Q8. What specific data analytics techniques are most effective in life science R&D?
That’s a really broad question… but if you are asking about AI, we are already seeing that the advances in computer vision can have a real impact, for example for automated phenotype assessment of plants, or in digital pathology to support decision making in the hospital. In clinical drug development, you also see a trend where RCTs (randomized clinical trials) are increasingly complemented by large-scale analysis of so called ‘real world’ observational data from healthcare databases (see for example the OHDSI community). However, the biggest hurdle by far is the lack of interoperable data at scale. When we looked at possible applications for AI in drug discovery and medicine in the Pistoia Alliance, the lack of well-curated, high quality data was by far the biggest hurdle we consistently identified to advance this. In a podcast (OutsideVoices with Mark Bidwell) aired end of last year, Vas Narasimhan, the CEO of Novartis, commented that people underestimate how little clean data there really is to enable analytics and AI.
Q9. How do you mitigate the risk that people and/or processes create unwanted bias or incorrect results?

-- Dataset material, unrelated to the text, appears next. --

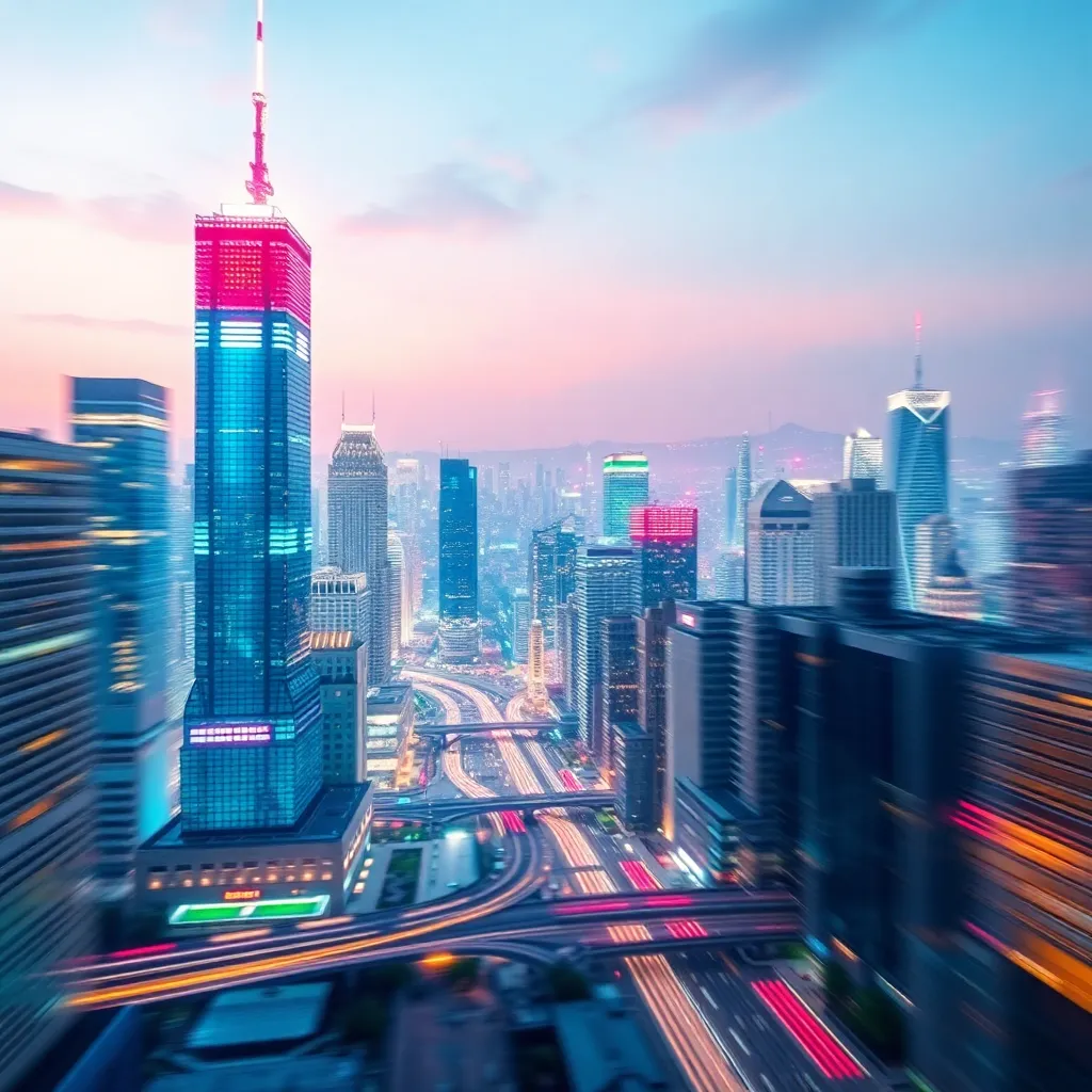 Create an AI-generated image of a futuristic cityscape with a bold, neon-lit skyscraper in the foreground. The background should be removed from a signature font, allowing the city's vibrant colors and details to take center stage. Incorporate subtle motion blur to convey a sense of dynamic energy and movement.

This again depends in the end on the intended use. In order to get value out of data integration using finite resources, you often have to take shortcuts and use a form of semantic integration which maps existing code systems to shared concepts. The FAIR principles establish the importance of always tracking the context provenance of your data: you should know what you are looking at and take that into account when you do your analysis. Doing the right thing vs doing it right applies here too: you should think about the question you are asking, as well as choose the datasets and algorithms you use to answer it carefully.
(*) Source: Kate Crawford, Keynote “The Trouble with Bias“Neural Information Processing System Conference.
Kees studied Computer Science and Bioinformatics, for which he did his research project on lipoprotein metabolism at TNO Quality of Life in The Netherlands and the Jean Mayer USDA Human Nutrition Research Center on Aging at Tufts University, Boston. Through his many years of experience in open source software and standards development in bioinformatics, Kees has gained a deep understanding of all aspects of collaborative open source development. He founded The Hyve to facilitate open source software development in biomedical research.